Titus trots along, running ahead and then doubling back, doing erratic circles around Damian as Damian strikes a determined straight line towards the wooden fence in the distance.

Two minutes later, Damian’s at the fence, peering into the copse of trees that blocks the line of sight between their grounds and their neighbors’ house. It’s so quiet here that Damian would probably be able to hear any sort of intruder rustling around, but Talia is notorious for her stealth abilities so that’s not necessarily applicable here.

He walks along the fence for a while, ears and eyes peeled for any disturbance. Titus snuffles around, taking interest in crunching his paws down on scattered leaves, not at all giving off the impression that he’s heard anyone trespassing.

“Titus,” Damian says, and the dog looks up at him with big trusting eyes, “do you think I’m being desperate?”

Titus cocks his head. Damian sighs and stoops down to pick up a stick, which he throws as hard as he can back towards the house. He throws it without looking, and the stick whizzes towards an imposing figure that has appeared out of nowhere. 

Ice freezes his blood, and Damian shouts a warning. His father has already dodged out of the way, and has turned his head back to give Damian an unimpressed look. Titus tears past him, almost a blur, in pursuit of the stick that could have caused serious injury to Bruce.

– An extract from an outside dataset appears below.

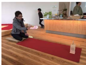
芸者さん遊びの『投扇興』も体験☆扇子を飛ばして、置物を倒す遊びです。これがなかなか難しい！！倒れると「やったー！！」って歓声があがりました。
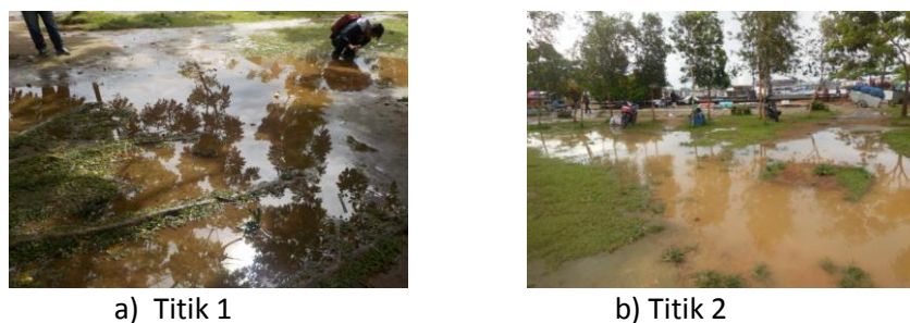
Gambar 3. Area Genangan

Berdasarkan hasil pengamatan, pada Titik 1 didominasi dengan vegetasi pohon berupa trembesi dan mahoni yang berfungsi untuk mengatasi genangan, serta sedikit rerumputan. Begitupula pada Titik 2 mempunyai vegetasi pohon, perdu, dan rerumputan. Pohon yang berperan dalam mengatasi penggenangan dan pelestarian air tanah antara lain akasia, trembesi, mahoni, dan bungur. Namun, Titik 1 dan Titik 2 merupakan area terjadi genangan. Hal ini tidak sesuai dengan pendapat Soeharto (2006) bahwa vegetasi tingkat pohon mempunyai fungsi yang lebih baik untuk meningkatkan kapasitas infiltrasi dan menyimpan air. Genangan yang terjadi dapat disebabkan kondisi tanah yang dangkal sehingga pada saat hujan turun air tidak dapat langsung mengalir ke drainase, sedangkan kapasitas tanah dan kemampuan vegetasi dalam menyerap air mencapai batas maksimal. Selain itu, Titik 1 dan Titik 2 merupakan area yang dipenuhi dengan aktivitas manusia yang berjualan. Hal ini mengakibatkan tanah semakin padat dan minim rerumputan karena adanya pijakan manusia.

“Sorry,” Damian says, straightening and brushing off his palms on his jeans. He tries to determine whether or not he’s acting suspiciously--it’s not abnormal for him to take Titus for walks, but it’s pretty late in the evening and it’s very cold outside. Damian’s known for avoiding cold weather by burrowing as deep into his room as he can go. Bruce might question his intentions here.

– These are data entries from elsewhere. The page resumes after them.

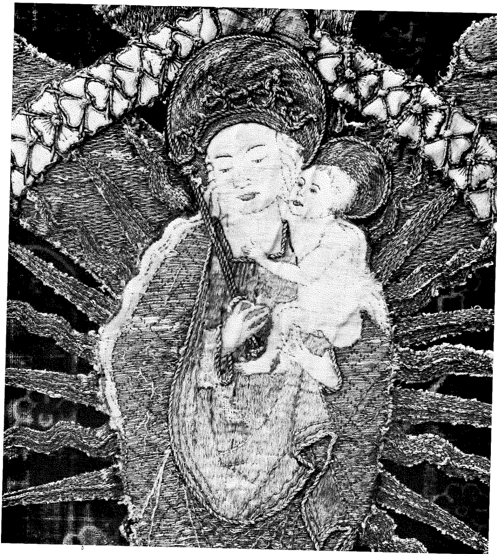
Fig 119. Detalj av mäss- haken fig 118. Foto 1965. Detail of chasuble, fig 118.

med granatäpplemönster, Italien, 1400-talets senare hälft. Snittet är medeltida utan axelsömmar; framstycket smalt och med många skarvar. På ryggsidan är applicerat ett broderat kors med i korsmitten Maria med Jesusbarnet inom en rosenkrans. Broderiet är utfört med mångfärgat silke i atlassöm samt membranguld i läggsöm; detaljer i sidenapplikation. Ryggsidan höjd 115 cm, bredd 82 cm, framsidan höjd 88, bredd 50.
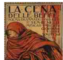
Teatro alla Scala, dal 3 aprile al 7 maggio "La cena delle beffe" di Umberto Giordano. Dirige Carlo Rizzi, regia Mario Martone
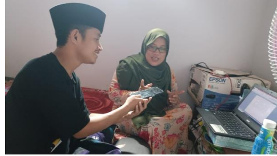
المقابلة مع المعلمة
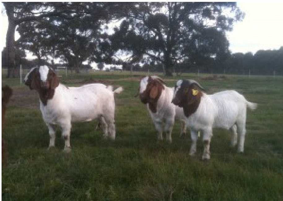
ภาพที่ 6.20 แสดงพ่อแพะอายุ 10 เดือน

ลูกแพะ-แกะที่คัดไว้ทำพันธุ์จะต้องดูแลให้อาหารอย่างดี เมื่ออายุครบ 3 เดือน ต้องแยกลูกตัวผู้ออกไปต่างหากเพื่อป้องกันการผสมก่อนวัยอันควร เมื่อครบ 10 เดือน (ภาพที่ 6.20-6.21) จึงจะใช้แพะ-แกะหนุ่มเพื่อการผสมพันธุ์ โดย แพะ-แกะหนุ่มอายุ น้อยกว่า 1 ปี ต่อแม่พันธุ์ 10–15 ตัว โดยผสมประมาณ 2 ครั้ง/สัปดาห์ ถ้าพ่อพันธุ์อายุ มากกว่า 1 ปี จะใช้ผสมแม่พันธุ์ได้ 20–30 ตัว อาจผสมได้ทุกวัน ขึ้นอยู่กับความสมบูรณ์ของพ่อพันธุ์ (อาจสูงถึง 1:50-100 ตัว แต่ไม่จำเป็นไม่ควรมากขนาดนี้) พ่อแพะ-แกะต้องการพื้นที่กว้าง ๆ สำหรับออกกำลังกายเมื่อไม่ได้คุมฝูง เพื่อไม่ให้อ้วนอ้วนเกินไป

“Shouldn’t have snuck up on you,” Bruce says, as he jogs closer. Considering how far he had to come to reach Damian’s location, Damian’s really not as aware of his surroundings as he thought he was. If he didn’t even notice Bruce’s approach, Talia could have easily evaded his search earlier. “How was school, bud?”

Damian stands still, watching Bruce approach with a not-insignificant flare of apprehension. There must have been something that prompted this questioning--Bruce doesn’t ask this very often, and the last time he’d inquired, it had been following Damian getting caught skipping his science class. 

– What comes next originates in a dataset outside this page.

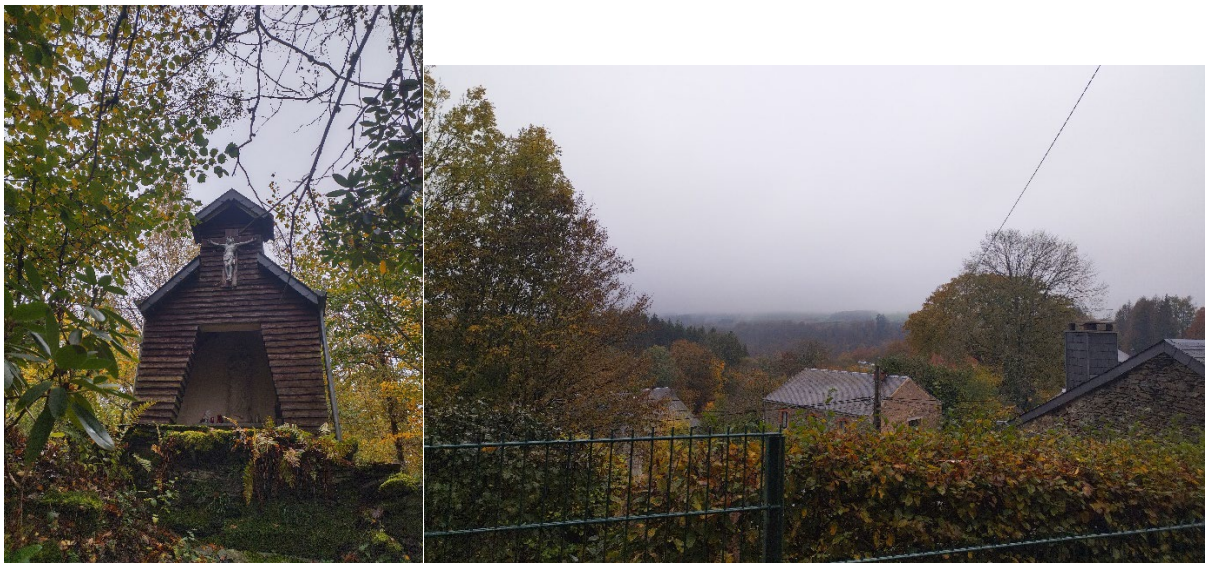
Figure 1: Chapelle Notre Dame de la Scaïre

(That had started all fake-nice like this too, and Damian had been so relieved that Bruce actually wanted to talk to him that he’d fallen for it hook, line, and sinker.)

He should at least play along a little bit, though.

There are a number of things he could mention--Olive figuring out a glitch in her game that let her skip over repetitive dungeon puzzles, or Maps mentioning-slash-threatening the upcoming dance that she was helping to plan, or Damian scoring a ninety on the math test he wasn’t certain about. He knows that Richard would have no issue chatting about these things, even if they seemed unimportant. It just feels like so much effort to express all of these things, when his father might not even recognize how they made Damian feel. 

The real thing that he should mention is that Talia is back in Gotham. Bringing her up is risky, though, with Bruce. Sometimes it’s fine, and Bruce gets a look on his face like he’s remembering better times. Other times, it just makes Bruce distant and vaguely furious. It’s confusing.

“It was fine,” Damian finally says. He sees Titus retrieve the stick and double back, running full speed. 

“Just fine?” Bruce asks.

Does he know something? Damian keeps his expression schooled, neutral. It’s normal that he can’t look Bruce in the eye, he reminds himself. Bruce has never gotten mad at Damian for avoiding eye contact. It’s only Damian’s teachers who scold him for that.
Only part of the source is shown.